Use systemd-firstboot(1) to initialize the system time zone for mounted (but not booted)
system images.

OPTIONS


The following options are understood:

--no-ask-password
Do not query the user for authentication for privileged operations.

--adjust-system-clock
If set-local-rtc is invoked and this option is passed, the system clock is
synchronized from the RTC again, taking the new setting into account. Otherwise, the
RTC is synchronized from the system clock.

-H, --host=
Execute the operation remotely. Specify a hostname, or a username and hostname
separated by "@", to connect to. The hostname may optionally be suffixed by a
container name, separated by ":", which connects directly to a specific container on
the specified host. This will use SSH to talk to the remote machine manager instance.
Container names may be enumerated with machinectl -H HOST.

-M, --machine=
Execute operation on a local container. Specify a container name to connect to.

-h, --help
Print a short help text and exit.

--version
Print a short version string and exit.

--no-pager
Do not pipe output into a pager.

The following commands are understood:

status
Show current settings of the system clock and RTC, including whether network time
synchronization is on. Note that whether network time synchronization is on simply
reflects whether the systemd-timesyncd.service unit is enabled. Even if this command
shows the status as off, a different service might still synchronize the clock with
the network.

set-time [TIME]
Set the system clock to the specified time. This will also update the RTC time
accordingly. The time may be specified in the format "2012-10-30 18:17:16".

set-timezone [TIMEZONE]
Set the system time zone to the specified value. Available timezones can be listed
with list-timezones. If the RTC is configured to be in the local time, this will also
update the RTC time. This call will alter the /etc/localtime symlink. See localtime(5)
for more information.

list-timezones
List available time zones, one per line. Entries from the list can be set as the
system timezone with set-timezone.

set-local-rtc [BOOL]
Takes a boolean argument. If "0", the system is configured to maintain the RTC in
universal time. If "1", it will maintain the RTC in local time instead. Note that
maintaining the RTC in the local timezone is not fully supported and will create
various problems with time zone changes and daylight saving adjustments. If at all
possible, keep the RTC in UTC mode. Note that invoking this will also synchronize the
RTC from the system clock, unless --adjust-system-clock is passed (see above). This
command will change the 3rd line of /etc/adjtime, as documented in hwclock(8).

set-ntp [BOOL]
Takes a boolean argument. Controls whether network time synchronization is active and
enabled (if available). This enables and starts, or disables and stops the
systemd-timesyncd.service unit. It does not affect the state of any other, unrelated
network time synchronization services that might be installed on the system. This
command is hence mostly equivalent to: systemctl enable --now
systemd-timesyncd.service and systemctl disable --now systemd-timesyncd.service, but
is protected by a different access policy.
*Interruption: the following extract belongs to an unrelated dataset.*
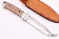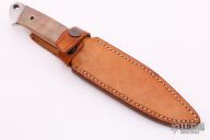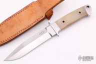 This Integral Wilderness Prototype by Dietmar Kressler features a hand rub satin finished blade with sharpened top edge, .195" blade thickness and 1.092" blade depth, integral tapered tang construction. The handle has an integral fluted satin finished guard and butt, beautiful sheep horn inlays with thin red liners, lanyard hole at the butt. Feels great in the hand. The fit and finish is exceptional. Very impressive work. Knife comes with a brown leather sheath. Excellent condition.

Note that even if time synchronization is turned off with this command, another
unrelated system service might still synchronize the clock with the network. Also note
that, strictly speaking, systemd-timesyncd.service does more than just network time
synchronization, as it ensures a monotonic clock on systems without RTC even if no
network is available. See systemd-timesyncd.service(8) for details about this.

EXIT STATUS


On success, 0 is returned, a non-zero failure code otherwise.

ENVIRONMENT


$SYSTEMD_PAGER
Pager to use when --no-pager is not given; overrides $PAGER. Setting this to an empty
string or the value "cat" is equivalent to passing --no-pager.

$SYSTEMD_LESS
Override the default options passed to less ("FRSXMK").

EXAMPLES


Show current settings:

$ timedatectl
Local time: Di 2015-04-07 16:26:56 CEST
Universal time: Di 2015-04-07 14:26:56 UTC
RTC time: Di 2015-04-07 14:26:56
Time zone: Europe/Berlin (CEST, +0200)
Network time on: yes
NTP synchronized: yes
RTC in local TZ: no

Enable network time synchronization:

$ timedatectl set-ntp true
==== AUTHENTICATING FOR org.freedesktop.timedate1.set-ntp ===
Authentication is required to control whether network time synchronization shall be enabled.
Authenticating as: user
Password: ********
==== AUTHENTICATION COMPLETE ===

$ systemctl status systemd-timesyncd.service
● systemd-timesyncd.service - Network Time Synchronization
Loaded: loaded (/lib/systemd/system/systemd-timesyncd.service; enabled)
Active: active (running) since Mo 2015-03-30 14:20:38 CEST; 5s ago
Docs: man:systemd-timesyncd.service(8)
Main PID: 595 (systemd-timesyn)
Status: "Using Time Server 216.239.38.15:123 (time4.google.com)."
CGroup: /system.slice/systemd-timesyncd.service
└─595 /lib/systemd/systemd-timesyncd
...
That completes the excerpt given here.